CGS-CIMB sees Msia’s inflation at 3% in 2023

CGS-CIMB sees Msia’s inflation at 3% in 2023

Government subsidies on essential food items, petrol and toll fees will help contain inflation.

The electricity price hike for non-domestic users from January will lead to some increase in headline inflation, says CGS-CIMB.
PETALING JAYA:
CGS-CIMB Securities Sdn Bhd forecasts Malaysia’s inflation for 2023 to be at 3% year-on-year (y-o-y), compared to the 2022 forecast (2022F) consumer price index (CPI) inflation of 3.3% y-o-y.

Head of economics Nazmi Idrus said the government’s intervention on matters such as chicken prices and petrol and toll fees would continue to partly contain inflation in the near term.

“However, the recent electricity price hike for non-domestic and non-small and medium enterprises (SMEs) (low voltage) users will take effect on January 2023, and we expect this to lead to some increase in headline inflation.

“Our calculation highlights a possibility of the CPI rising by 10 basis points (bps) y-o-y in January 2023F, as roughly 60% of electricity users in the country are non-domestic users, and of these, 60% are non-SMEs,” he said in a note today.

Electricity weighs in on the CPI basket at 2.7%, he said, but the second-round effect could be slightly larger.

Nazmi said November’s strong core inflation growth reflected the strong domestic demand conditions during the month, supportive of the continued rate normalisation cycle by Bank Negara Malaysia (BNM).

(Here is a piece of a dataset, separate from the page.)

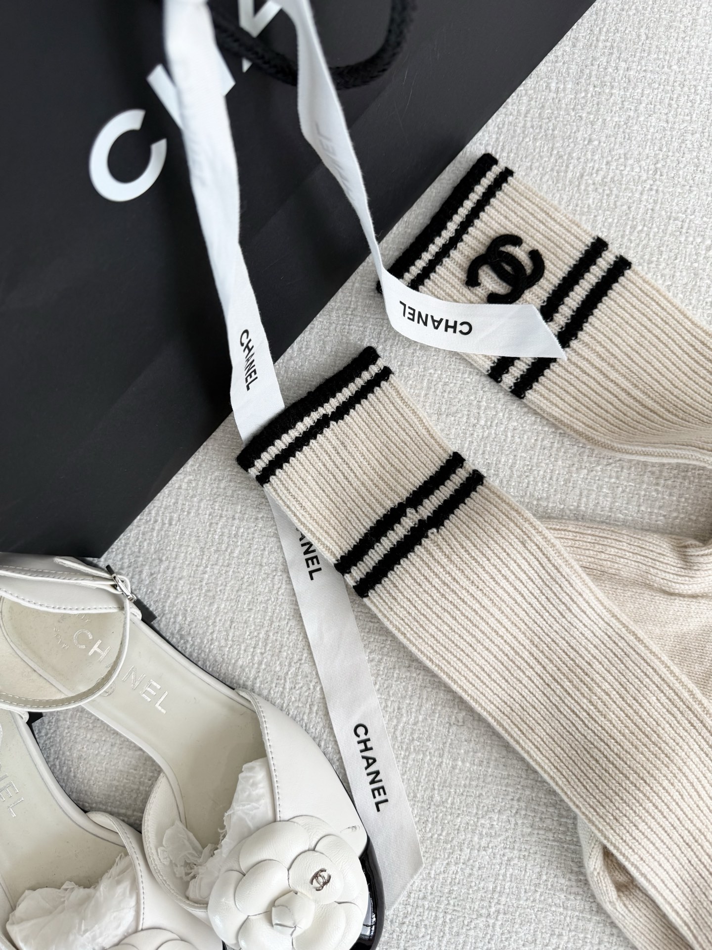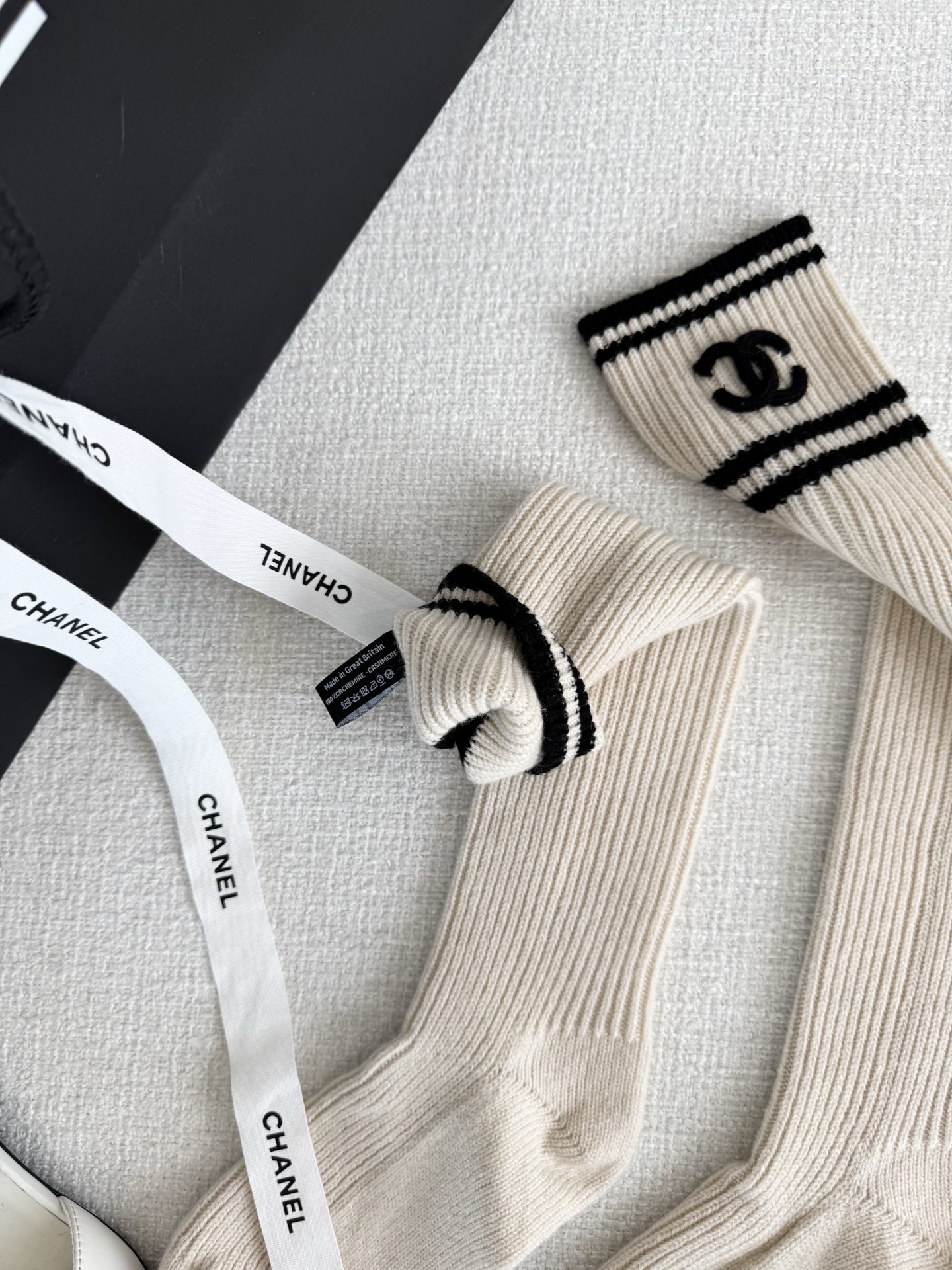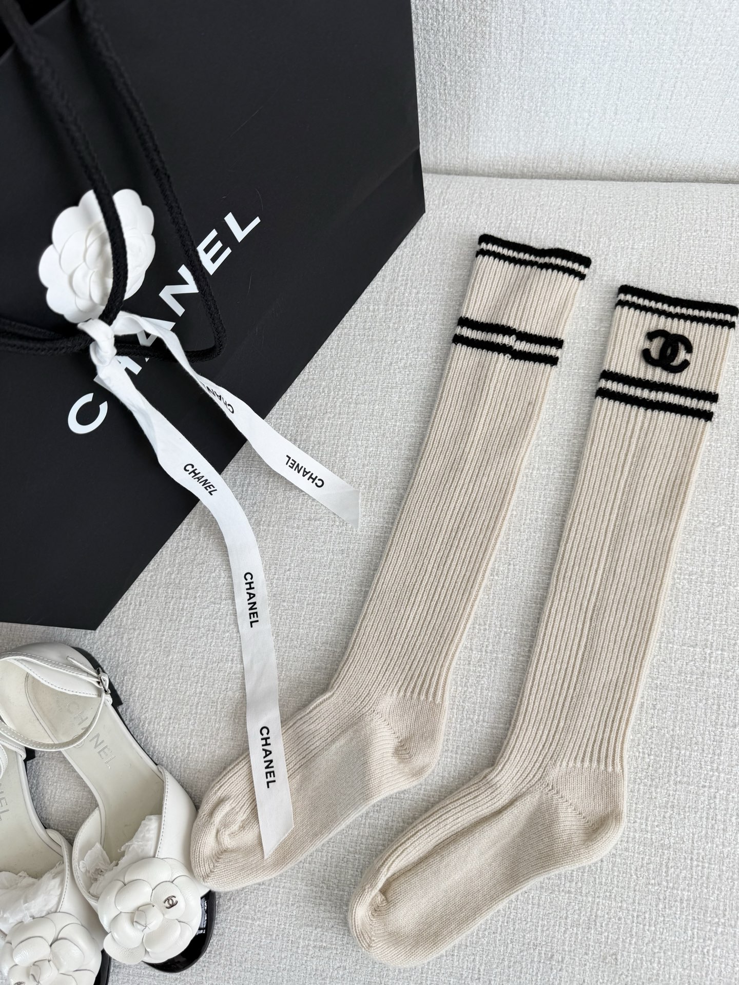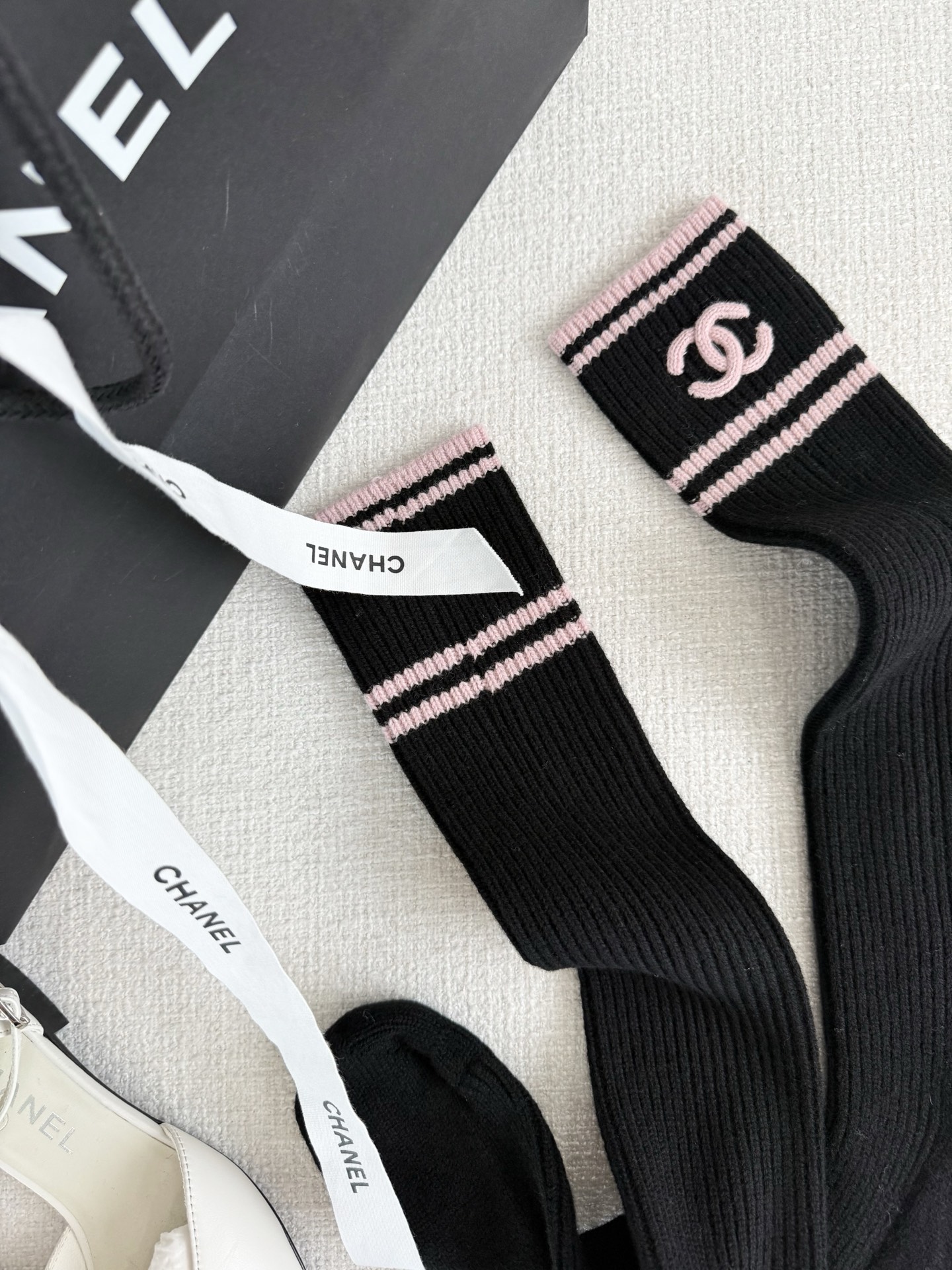 NIGO Chanel Women's Spring/fall Fashion Casual Solid Color Double C Cashmere Knee High Socks Accessories #nigo78624

BNM’s statement in November provided a clear warning that inflationary pressures are likely to remain in 2023, and the central bank highlighted its readiness to remain hawkish if necessary.

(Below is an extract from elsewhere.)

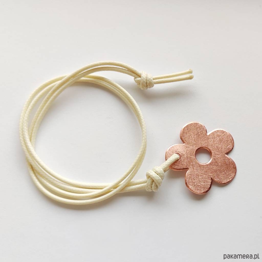 Efektowny, nowoczesny, a zarazem romantyczny dodatek. KWIAT to uroczy i delikatny wzór. W wyjątkowy sposób łączy on ażur z metalem, który przyciąga wzrok jak mało która ozdoba. Wisiorek wykonany jest z -miedź, ozdobny sznurek. Miedź: zmatowiona. Długość sznurka - 70 cm. Długość zawieszki - 3,5cm. Szerokość zawieszki - 3,5 cm.

“We expect two more 25bps increases to the overnight policy rate (OPR) to 3.25% in 2023F,” said Nazmi.

In November, Malaysia’s CPI rose 0.3% month-on-month (m-o-m) (Oct 22: +0.2% m-o-m) and 4% y-o-y (similar to October 2022).

Meanwhile, core CPI grew 0.4% m-o-m (October 22: +0.1% m-o-m), raising y-o-y growth to 4.2% (October 2022: +4.1%), driven by two components, namely food and hotels, and restaurants.

On the same note, Moody’s Analytics expects Malaysia’s inflation pressures to begin moderating next year as supply-side pressures ease.

However, demand-side pressures are starting to build from the post-pandemic reopening.

“Bank Negara Malaysia will likely continue its policy rate hike into early next year as it had reiterated its hawkish stance in its November meeting, saying it will pre-emptively manage the risk of excessive demand on price pressures,” said economist Denise Cheok.

So far, the central bank has raised the rates four times – a cumulative 100bps – bringing the overnight policy rate to 2.75%, which is 25bps away from its pre-Covid-19 rate of 3%.

Cheok said the Malaysian economy is expected to start slowing down in 2023 after an exceptional run in 2022, with external demand for its manufactured goods weakening, mainly due to the slowing Chinese economy.

However, she noted that the nation’s export trade with Southeast Asian economies, as well as with the US and the European Union remains robust.

“Malaysia also tends to benefit from trade diversion from China, as firms reroute their supply chains into alternate locations. This trend will insulate Malaysia from the weakness of Chinese demand for Malaysian exports.

“Malaysia houses major semiconductor chip producers, and manufacturing growth here had previously been shored up by the global chip shortage.

“However, slowing demand for consumer electronics amidst weakness in the global economy is starting to be felt and will drag on manufacturing next year,” she added.